Il mantenimento in essere del reato di cui all’art. 10 bis del testo unico sull’immigrazione si giustificherebbe, come scelta di politica criminale, solo se le sanzioni per esso previste fossero caratterizzate da requisiti di effettività e di deterrenza. Ma così non è perché, come si è accennato, sono ben pochi gli stranieri irregolari in grado di pagare l’ammenda stabilita per il reato; e per altro verso l’esecuzione dei provvedimenti di espulsione (che, come pure si è detto, sono di più specie: misura di sicurezza nei casi di cui all’art. 235 c.p., sanzione sostitutiva per il reato in esame o nelle ipotesi di cui all’art. 16 del testo unico, provvedimento amministrativo nei casi di cui all’art. 13 del T.U., eccetera) resta legata a una serie di condizioni che, in troppi casi, risultano all’atto pratico oltremodo problematiche, sia per la frequente difficoltà di destinare lo straniero espulso verso il Paese d’origine o altro Paese che lo accolga, sia per le difficoltà di ordine organizzativo (si pensi all’identificazione dei clandestini e alla loro destinazione ai C.I.E., anch’essi ormai ridotti in condizioni estremamente problematiche), sia infine per i consueti problemi finanziari che ostacolano la predisposizione della filiera che conduce all’espulsione.
Questo naturalmente non vuol dire che la politica criminale verso il fenomeno dell’immigrazione di stranieri irregolari vada totalmente smantellata; basti pensare che lo stesso testo unico punisce le ipotesi di favoreggiamento dell’immigrazione clandestina, legate a condotte criminose spesso realizzate in forma organizzata e sottese alla commissione di crimini ancor più gravi e odiosi, spesso basati sullo sfruttamento delle persone.
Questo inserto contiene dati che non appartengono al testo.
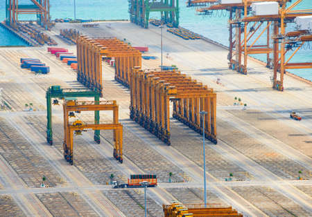 Industrial equipment, freight cranes and steel constructions on pier at empty cargo shipping port of Singapore, aerial view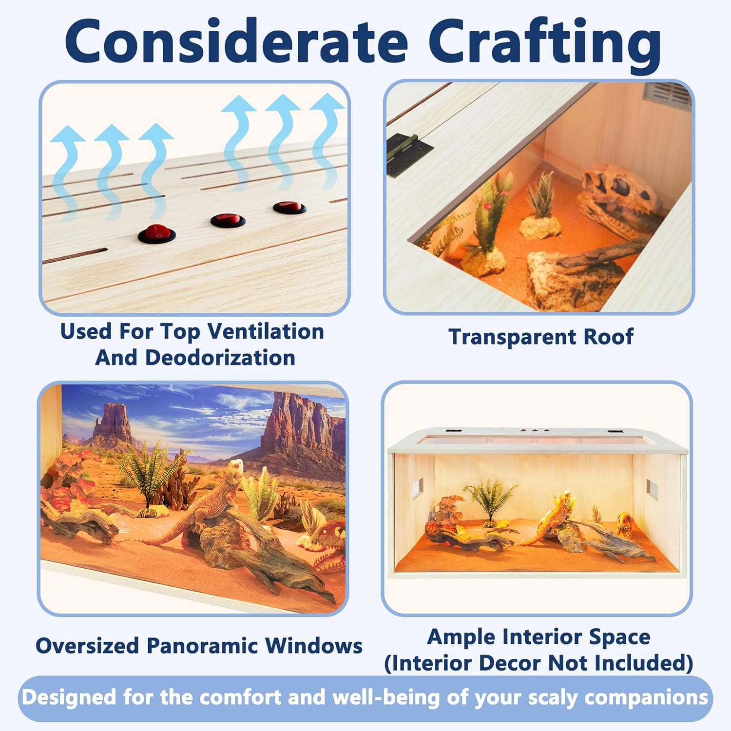- 【Spacious Reptile Enclosure】Tailored for reptile lovers, this habitat provides ample space for reptiles to explore comfortably. Clear acrylic panels on the front and top allow for full visibility of your pet, while the ventilated top ensures adequate airflow. Note: This enclosure is not designed to hold water and comes in four size options.Note: Items Inside of the cage are NOT included.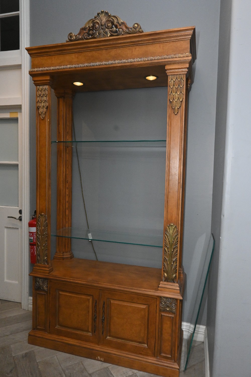 A CLASSICAL STYLE BOOKCASE/DISPLAY STAND (258H X 125W X 48D CM) (A/F) (PLEASE NOTE THIS HEAVY ITEM MUST BE REMOVED BY CARRIERS AT THE CUSTOMER'S EXPENSE. LEONARD JOEL STAFF CANNOT ASSIST CARRYING THIS ITEM) (LARGE ITEM)
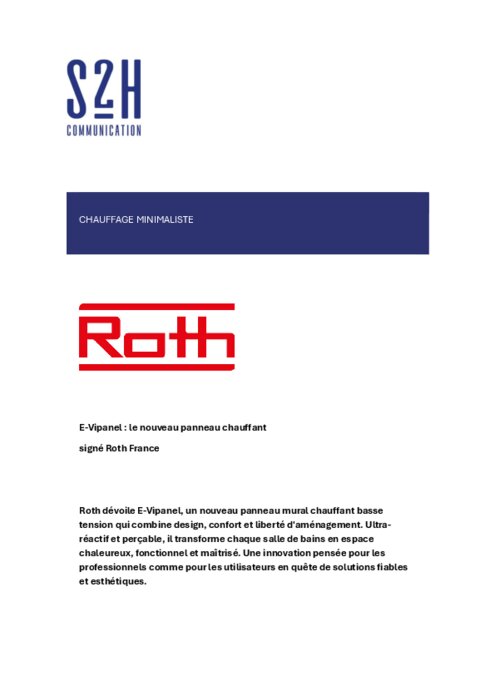 Roth dévoile E-Vipanel, un nouveau panneau mural chauffant basse tension qui combine design, confort et liberté d'aménagement. Ultra-réactif et perçable, il transforme chaque salle de bains en espace chaleureux, fonctionnel et maîtrisé. Une innovation pensée pour les professionnels comme pour les utilisateurs en quête de solutions fiables et esthétiques.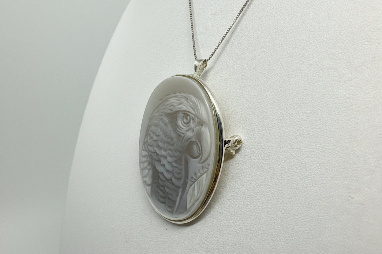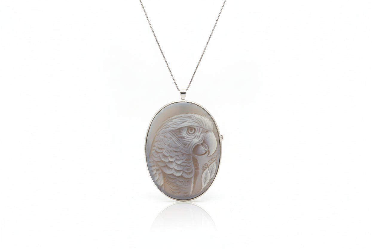 Pendente Spilla in Agata incisione "Pappagallo Portobello"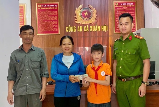 Sau khi nhặt được 61 triệu đồng tiền mặt, cháu Hoàng Đức Duy ở Hà Tĩnh đã cùng bố đến Công an xã để nhờ trao trả lại cho người đánh rơi.
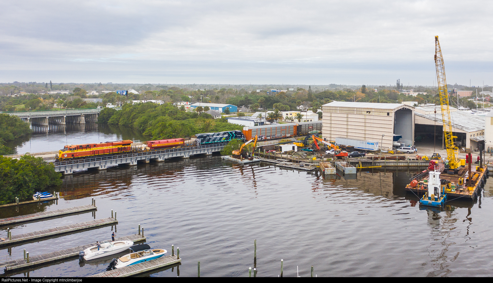 | With a pair of ES44C4's bracketing an LNG tender leading the way, the Florida East Coast's train 101 approaches Fort Pierce, Florida as it heads south. The the train is crossing over the outlet of the Belcher Canal where it joins the intercostal waterway. |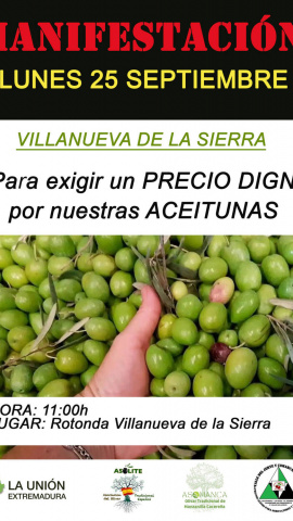 Los agricultores cacereños vuelven a exigir un precio justo para sus aceitunas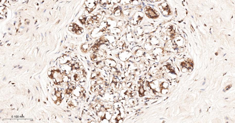Paraformaldehyde-fixed, paraffin embedded Human Breast Cancer; Antigen retrieval by boiling in sodium citrate buffer (pH6.0) for 15 min; The section was incubated with TCP1 beta Monoclonal Antibody, Unconjugated (bsm-62080R) at 1:200 overnight at 4°C, followed by conjugation to the bs-0295G-HRP and DAB (C-0010) staining.
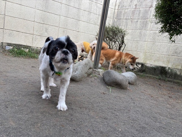 ちょっと長いお泊りをしているベテランシーズーちゃん、本日もせっせとお庭を歩いて

Tuttavia, la discussione a proposito del mantenimento o dell’eliminazione della risposta criminale alla semplice condizione di irregolarità sul territorio elude il problema principale e generale, costituito dall’impossibilità di combattere efficacemente il fenomeno con l’arma della repressione penale, laddove sarebbe di molto preferibile e anzi necessario (benchè estremamente complesso sul piano geopolitico, per un Paese come il nostro che si affaccia sul Mediterraneo ed è di regola il primo approdo possibile per i migranti dall’Africa e dal Medio Oriente) affrontare la questione sul piano della politica internazionale e, contemporaneamente, dell’organizzazione interna, in funzione sia preventiva (in riferimento ai flussi di clandestini e ai modi per prevenire quanto più possibile il fenomeno, possibilmente “a monte”), sia espulsiva (in riferimento alla necessità di ampliare e concretizzare le possibilità di rendere effettivi i provvedimenti di espulsione laddove previsti e legalmente adottati).